CVE-2022-40993

Vulnerability

A stack-based buffer overflow vulnerability exists in the DetranCLI command parsing functionality of Siretta QUARTZ-GOLD firmware version G5.0.1.5-210720-141020. The flaw is specifically in the function that handles the firmwall keyword WORD description (WORD|null) command template. The vulnerability arises because user-supplied input is copied into a fixed-size stack buffer using sprintf without proper bounds checking, leading to a buffer overflow [1].

Exploitation

An attacker must have network access to the router's CLI (DetranCLI) and possess valid administrative credentials (CVSS:3.0/AV:N/AC:L/PR:H/UI:N/S:U/C:H/I:H/A:H indicates high privileges required).

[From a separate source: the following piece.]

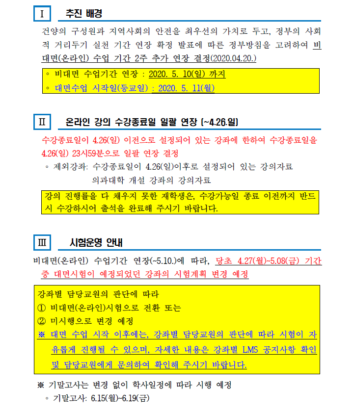 제목 2020학년도 1학기 비대면(온라인) 수업기간 장기화에 따른 학사운영 안내
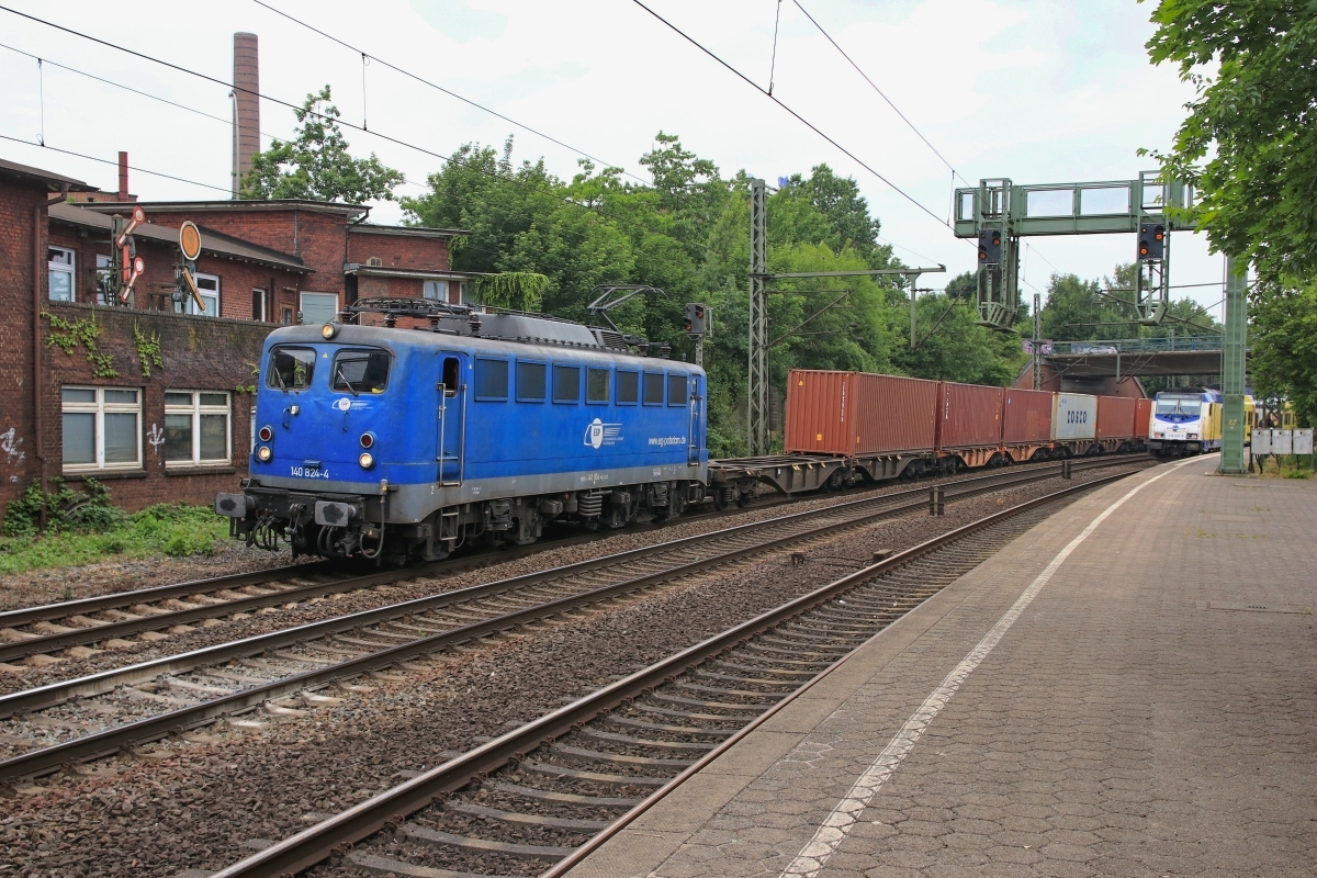 Dto. 140 824-4 am 20.06.2018. Hier passierte die Lok den Harburger Bahnhof

The attacker sends a specially-crafted sequence of commands targeting the vulnerable command template, triggering a stack-based buffer overflow. No user interaction is required [1].

Impact

Successful exploitation allows an attacker to execute arbitrary commands with root privileges, resulting in full compromise of the device's confidentiality, integrity, and availability [1].

Mitigation

As of the advisory publication date (2022-10-20), no patch has been released by Siretta. Users should restrict network access to the router's management interfaces and apply the principle of least privilege. Monitoring vendor updates for a fixed firmware version is recommended. No workaround is currently available [1].